# Pacers' Jackson hit by car fires CCW handgun in self defense



## R y a n (Apr 4, 2005)

Friday, October 6, 2006
Pacers' Jackson hit by car, fires handgun in self defense
Associated Press

http://sports.espn.go.com/nba/news/story?id=2615124

INDIANAPOLIS -- Stephen Jackson of the Indiana Pacers fired a gun in the air, apparently in self-defense, outside a strip club early Friday after he was slugged in the mouth and struck by a car that sent him tumbling onto the hood, police said.

Jackson was limping but refused medical treatment at the scene, police spokesman Sgt. Matthew Mount said.

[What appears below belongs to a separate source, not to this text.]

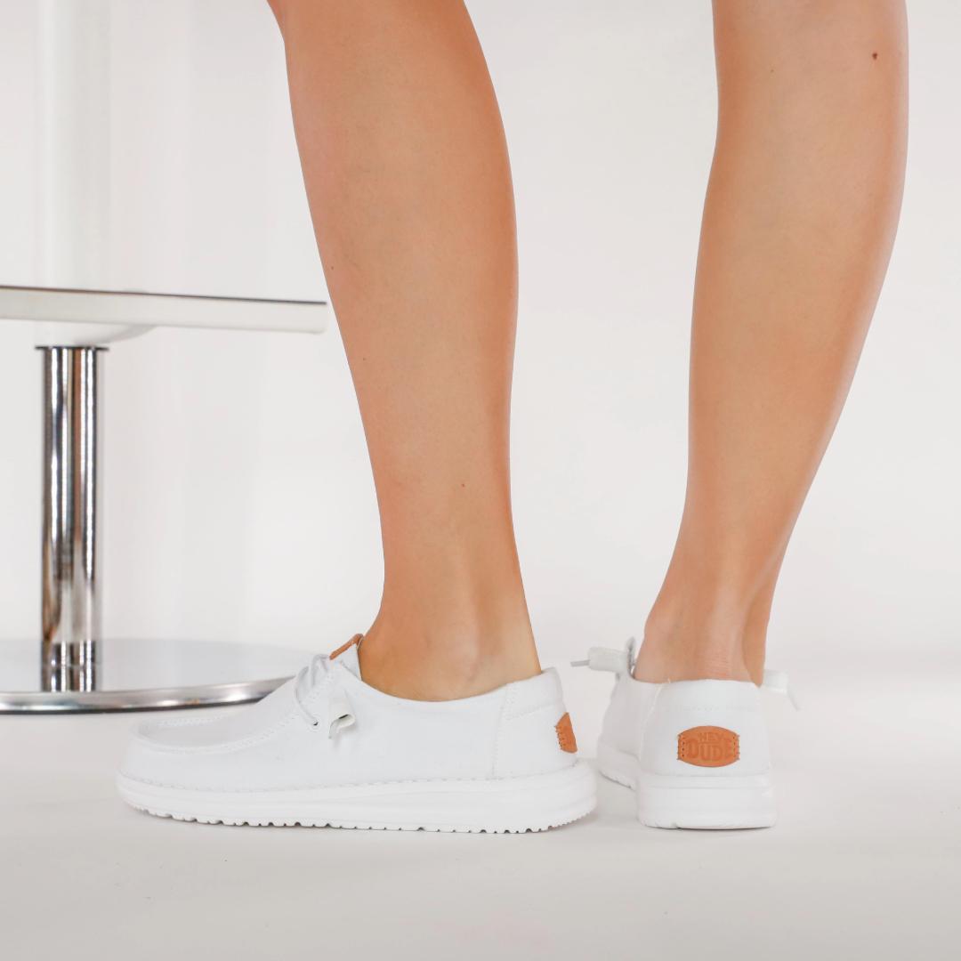 I mocassini HEYDUDE Wendy Stretch racchiudono il massimo comfort in un unico prodotto. La tomaia è realizzata in tessuto bianco, con il tallone beige rivestito in misto tela. Il plantare in morbido sughero contribuisce ad alleggerire il passo per un comodità e una leggerezza unica.

Jackson later conferred with a team trainer and sought treatment at a hospital.

Officers found a small amount of marijuana in the passenger side door of Pacer point guard Jamaal Tinsley's car, police said. Officers could not determine the car's driver or to whom the marijuana belonged, so no arrests were made.

There were no reports of anyone hit by gunfire. Police were looking for the car that struck Jackson, and others involved. Jackson was at the Indianapolis club with teammates Tinsley, Marquis Daniels and Jimmie Hunter, police said.

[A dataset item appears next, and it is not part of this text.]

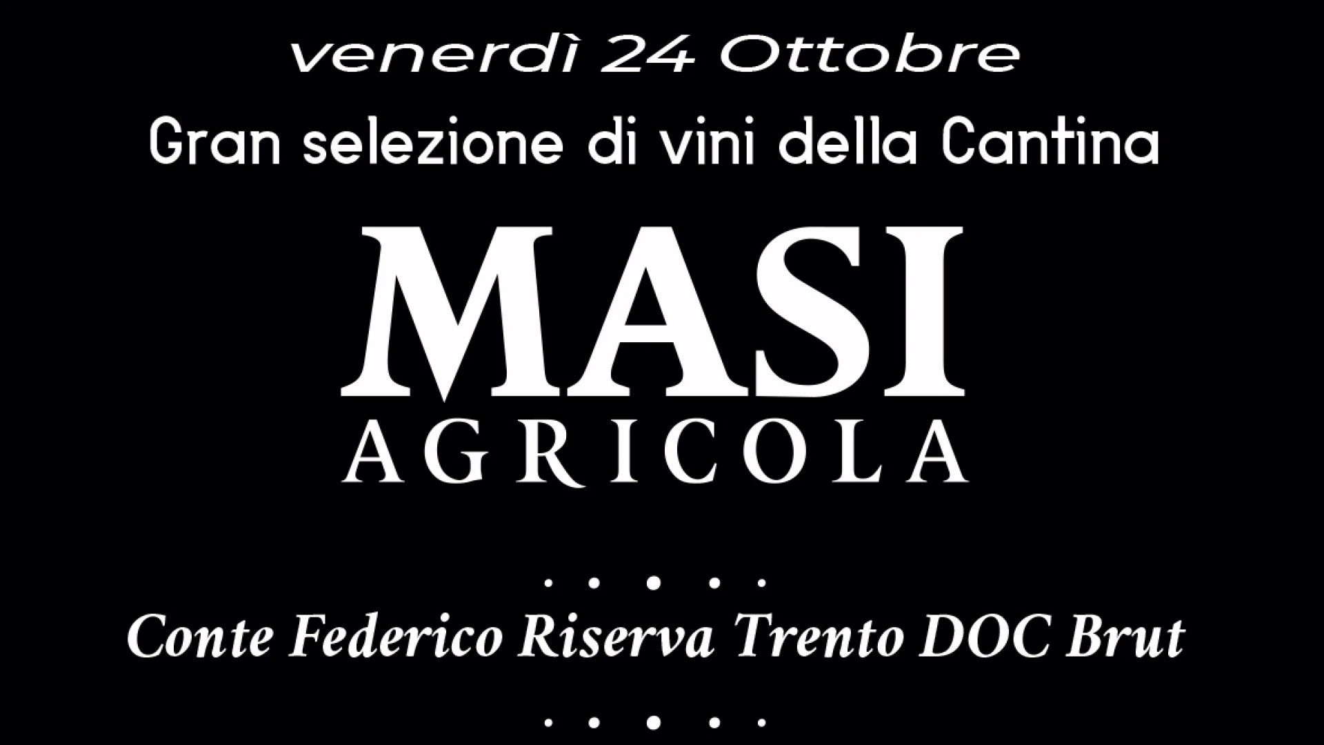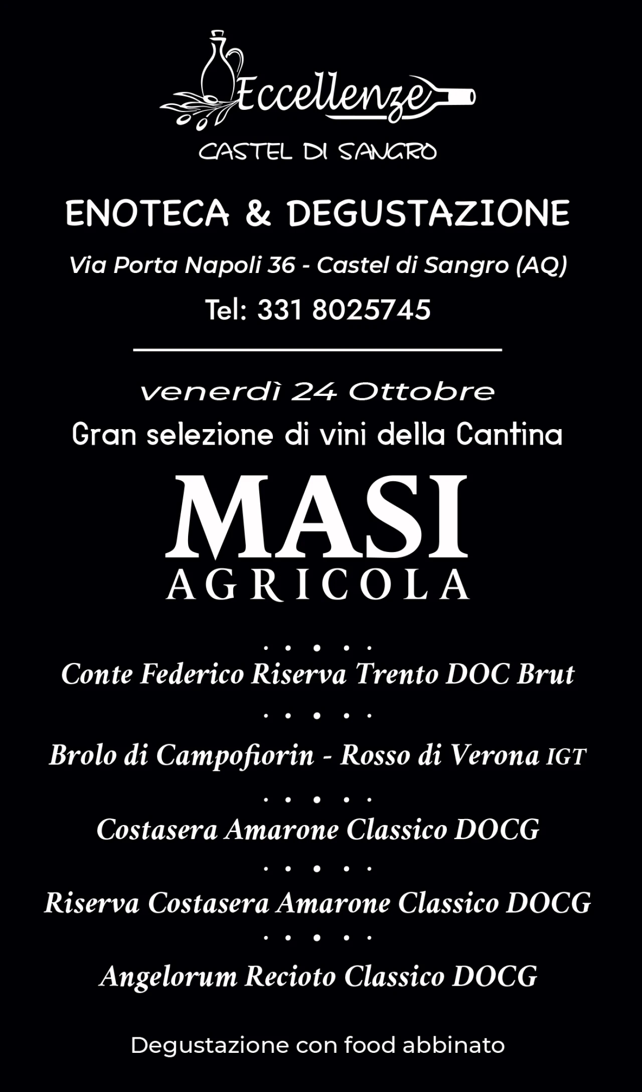 CASTEL DI SANGRO. Da Eccellenze enoteca e degustazione, appuntamento assolutamente da non perdere in programma venerdì 24 ottobre. Una serata per gli appassionati del buon vino in compagnia della gran selezione di vini della Cantina Masi Agricola. Una serata che vedra’ abbinamenti speciali con food abbinato scelti da Franco Gasbarro titolare di Eccellenze. Tutti i piatti saranno accompagnati da degustazioni di : Conte Federico Riserva Trento Doc Brut, Brolo di Campoforin, rosso di Verona IGT, Costasera Amarone Classico DOCG, Riserva Costasera Amarone Classimo DOCG, Angelorum Recioto Classico DOCG.

Jackson told officers he fired his 9 mm pistol five times after he was hit in the mouth and tossed on the hood of the car, Mount said.

Coach Rick Carlisle declined comment Friday, and calls by The Associated Press to team president Larry Bird and chief executive Donnie Walsh weren't immediately returned. A message was left with Jackson's agent, Dan Fegan.

The Pacers said Friday that all involved are cooperating with police, and none of the players at the strip club would be available to the media after practice Friday.

"Since this is an ongoing review of the matters that took place Friday morning, the Pacers will have no further comment at this time," the team said in a statement.

The mayhem began with an argument inside Club Rio involving patrons and players, Mount said. The players said they left the club, but the patrons followed them.

"At some point when leaving the club, a verbal altercation ensued ... that turned into a physical altercation," Mount said.

Tinsley and Daniels also had guns in their cars, and all three armed players had weapons permits, Mount said, although Daniels' permit was issued by Florida.

The strip club's managers told police that professional athletes sometimes come to the club.

"They don't have a lot of problems there," Mount said.

Jackson was suspended 30 games for his role in a brawl with Detroit Pistons fans at Auburn Hills, Mich., two seasons ago. Last season, he repeatedly argued with officials and his coach, and was singled out by Bird for his negative attitude.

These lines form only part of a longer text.